Hereinafter, a busbar temperature and fire prevention monitoring function according to a preferred embodiment of the present invention will be described with reference to FIGS. 1 to 8 attached hereto. 1 is a schematic diagram of a switchboard according to a preferred embodiment of the present invention. 2 is a functional block diagram of a monitoring apparatus according to a preferred embodiment of the present invention. FIG. 3 shows a functional block diagram of the PD diagnostic module of FIG. 2. FIG. Fig. 4 shows an installation state diagram of the noise sensor of Fig. 3; 5 is a diagram for explaining a noise removing operation of the noise removing unit of FIG. FIG. 6 is a functional block diagram of the temperature diagnosis module of FIG. 2. FIG. Fig. 7 shows a flowchart showing the diagnostic process of the first diagnosis unit of Fig. 6; Fig. Fig. 8 shows a flowchart showing the diagnostic process of the second diagnosis unit of Fig. 6; Fig. Hereinafter, in order to clarify the gist of the present invention, the description of the conventional matters will be omitted or simplified.

Referring to FIG. 1, the switchboard may include at least one panel 1 and a monitoring device 100 fixed to the outer surface of the panel 1.

The panel (1) is composed of LBS (Extra High Voltage Cable Connection and Disconnection Switch), MOF Panel (Transformer Transformer Panel, Electricity Meter), PT Panel (Instrument Transformer), VCB Panel , A transformer half (installing a transformer), a low pressure half (safely distributing the lowered electricity to each apartment, detecting a short circuit), and a power generation base (generator operation control).

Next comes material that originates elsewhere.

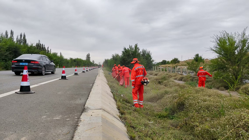 公路沿线的野草,在秋风的吹拂下肆意生长,宛如不修边幅的“长发”,不仅破坏了路容的美观,更可能遮蔽交通标志,成为安全隐患的温床。“看好了,今天我们就给这些野草来个‘大变身’!”打草组马振宝、梁彦强、王志鹏等人笑着拿起打草机,随着一阵阵轰鸣声,野草纷纷倒下,边沟逐渐露出了清晰的轮廓。桥涵清淤组、垃圾捡拾组也不甘落后,他们分工明确,精细作业,确保每一寸土地都干净整洁。一番忙碌之后,公路仿佛换上了新装,显得格外精神抖擞。
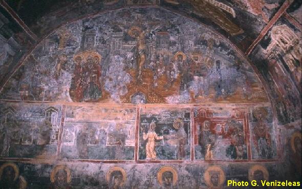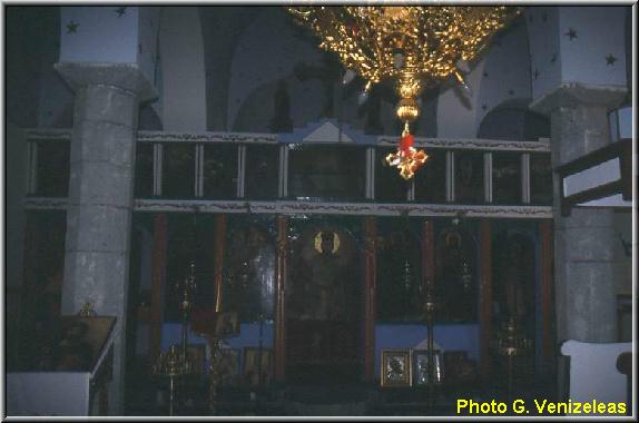 της Παναγίας, με κτιστό τέμπλο και τοιχογραφίες που φιλοτεχνήθηκαν το 1879 από τον Παναγιώτη Κληροδέτη.

Referring to FIG. 2, the monitoring apparatus 100 may include a PD diagnosis module 110 and a temperature diagnosis module 120.

3, the PD diagnosis module 110 may include a PD signal processing unit 111, a noise signal processing unit 112, a noise removing unit 113, and a PD diagnosis unit 114.

The PD signal processing unit 111 can receive the PD signal from the PD sensor 10 provided inside the panel 1. [ For example, the PD signal may be a UHF band signal generated at the time of partial discharge. The PD signal processing unit 111 may convert the received PD signal to a low frequency reference frequency for signal processing and detect a peak of the converted PD signal at a predetermined time interval using a peak detection circuit. Then, the PD signal processing unit 111 can convert the detected peak signal into a digital signal.

The noise signal processing unit 112 can receive the noise signal from the noise sensor 20 installed inside the panel 1. [ For example, the noise signal may be a signal in the UHF band that occurs during partial discharge. The noise signal processing unit 112 may convert the received noise signal to a low frequency reference frequency for signal processing and detect a peak of the converted noise signal at a predetermined time interval using a peak detection circuit. Then, the noise signal processing unit 112 can convert the detected peak signal into a digital signal.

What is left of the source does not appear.